De acordo com o Ministério de Gaza, o número de pacientes em diálise caiu de 1.244 para 622. Dos que já não recebem tratamento, 43 morreram devido aos bombardeamentos israelitas, 44 deixaram Gaza para tratamento e os restantes morreram devido à incapacidade de receber tratamento.
O plano do presidente dos EUA, Donald Trump, para a Faixa de Gaza, que serviu de base para as negociações de trégua entre o Hamas e Israel, prevê que a mesma quantidade de ajuda humanitária flua para a faixa como foi registada durante o cessar-fogo anterior de dois meses no início do ano, quando o fluxo diário estava entre 500 e 600 camiões. Mas esses números são insuficientes e a ajuda humanitária que Israel presta não é suficiente para satisfazer as enormes necessidades, segundo organizações humanitárias internacionais e locais.

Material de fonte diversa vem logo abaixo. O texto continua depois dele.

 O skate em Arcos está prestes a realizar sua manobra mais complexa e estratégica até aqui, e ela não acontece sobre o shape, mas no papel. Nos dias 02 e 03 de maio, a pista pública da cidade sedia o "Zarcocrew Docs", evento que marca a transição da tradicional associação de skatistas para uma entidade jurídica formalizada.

Em termos de ajuda que flui para Gaza, a ajuda destinada ao sector da saúde continua a ser manifestamente inadequada. Por exemplo, no dia 11 de Novembro, mais de 3.700 paletes foram descarregadas com a ajuda de agências da ONU. De acordo com o Gabinete de Coordenação de Assuntos Humanitários (OCHA), 67% eram alimentos e apenas 1% eram suprimentos médicos.

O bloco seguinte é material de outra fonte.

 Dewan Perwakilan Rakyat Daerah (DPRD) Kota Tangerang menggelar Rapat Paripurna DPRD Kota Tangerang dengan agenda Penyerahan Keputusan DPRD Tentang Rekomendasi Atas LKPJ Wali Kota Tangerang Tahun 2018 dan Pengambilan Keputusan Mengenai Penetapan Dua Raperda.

Segundo estas fontes, desde que o acordo de cessar-fogo entrou em vigor, Israel proibiu a entrada em Gaza de mais de 6.490 toneladas de ajuda humanitária coordenada pela ONU. A maioria deles continha medicamentos.
MSF confirma que conseguiu trazer vários caminhões de remédios, mas muitos itens ainda não podem ser importados devido aos controles israelenses. “Estou falando de equipamentos de tomografia computadorizada, máquinas de raios X e alguns equipamentos cirúrgicos importantes”, diz Seguin.
Asmaa al-Helu, 39 anos, caminha lentamente ao longo da costa do Mediterrâneo na Faixa de Gaza, carregando consigo as roupas rasgadas dos seus filhos por terem sido lavadas na água do mar. Não há água doce para lavar roupa, louça ou tomar banho. Seu filho de três anos, Mahmoud, que ainda faz xixi devido a doenças recorrentes e um forte resfriado, precisa de roupas limpas.
Os pés descalços de Al Helu afundam na areia. Ela é mãe divorciada de 13 filhos – sete meninos e seis meninas, o mais velho dos quais é Qusay, de 19 anos – e não tem nenhuma fonte de renda. O ex-marido os deixou sem qualquer ajuda. Ele desmaia diante de sua tenda, cercada por cobertores e tecidos puídos. Mahmoud salta para o seu colo enquanto os seus nove filhos se reúnem à sua volta e pedem pão ou comida. É quase meio-dia e eles não comeram nada. “Nada mudou para nós, apesar de ter passado um mês desde o cessar-fogo”, diz Al Helu.
“Não sou forte e não aguento mais”, diz Al Helu. “Sou forçado a suportar esta situação, que nenhum ser humano pode suportar. Estou muito exausto e deprimido e tenho vontade de chorar até morrer. Isto não é vida, esta realidade é como a morte.”